Sunday, 29 May 2016: 17:55
Sapphire Ballroom A (Hilton San Diego Bayfront)

ABSTRACT WITHDRAWN

We report in situ measurements of initial solid electrolyte interphase (SEI) evolution on silicon negative electrode and also the lithiation-induced silicon volume changes in lithium ion half-cells. Thin film amorphous silicon (a-Si) electrodes are designed to enable unambiguous measurement of SEI thickness evolution and silicon thickness evolution. The thin film electrode samples are assembled into a custom-designed electrochemical cell integrated with an atomic force microscope (AFM) to facilitate real time measurements. The films are subjected to two potentiostatic lithiation and delithiation cycles by applying a series of constant potential values against lithium metal, which serves as the counter and reference electrode. The thickness changes are measured after a state of equilibrium is reached at each potential value.
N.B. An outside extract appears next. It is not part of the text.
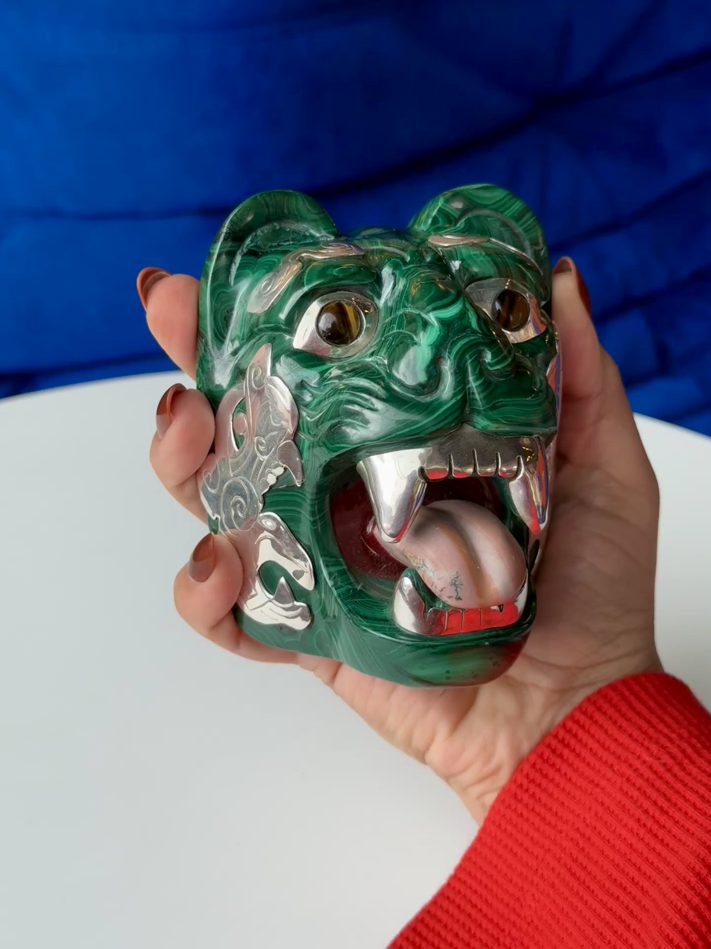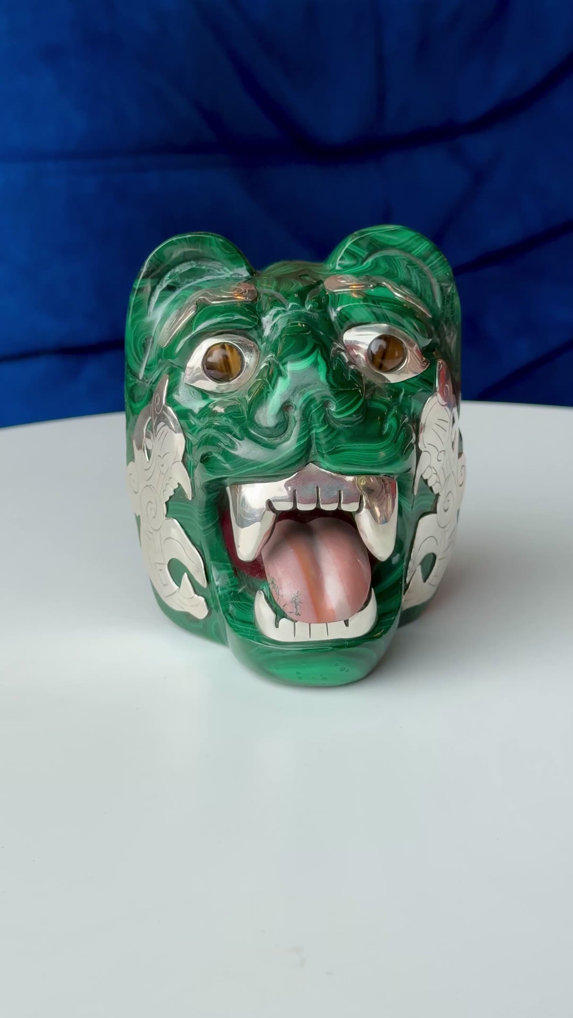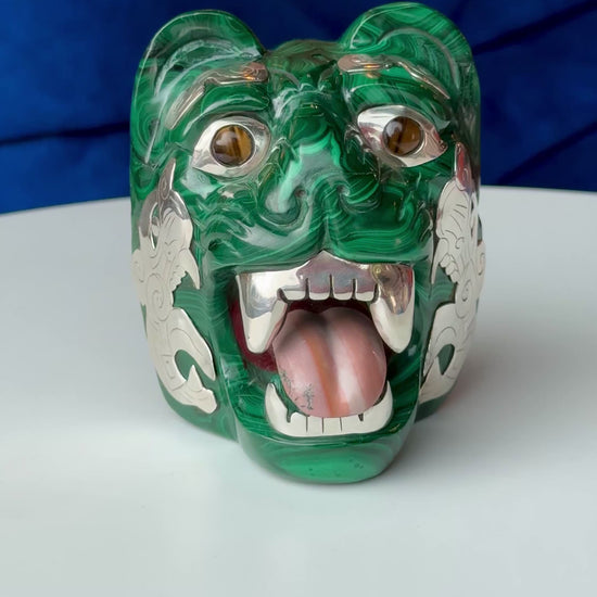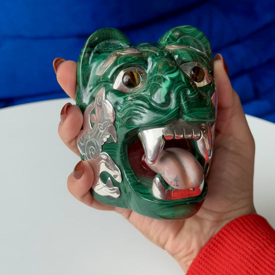 Malachite Sculpture with Tigers Eye and 95% Silver Accents

Experiments are carried out with two electrolytes – 1.2M lithium hexafluoro-phosphate (LiPF6) in ethylene carbonate (EC) and 1.2M LiPF6 in propylene carbonate (PC) – to investigate the influence of electrolyte compositions on SEI formation and electrochemical performance. The results reveal that the predominant SEI thickness evolution occurs during the first cycle, and reaches steady values of approximately 17nm with EC electrolyte and 10nm with PC electrolyte. Despite the thinner SEI layer, capacity loss due to SEI formation is larger with PC electrolyte compared to that of EC electrolyte. Si volume change shows approximately 21% of irreversible volume expansion during the first cycle and no appreciable irreversible volume expansion was observed in the subsequent cycle. In addition, silicon volume expansion shows an approximate linear relationship with the state of charge. Volume change and capacity of silicon films show hysteresis as functions of equilibrium potential. We seek to explain such hysteretic behavior in terms of the stress-potential coupling in silicon, which shows both qualitative and quantitative agreement. Beyond the specific materials systems considered here, the in situ AFM based experimental technique developed in this work has broader applications to investigate the role of electrolyte composition in the SEI formation kinetics.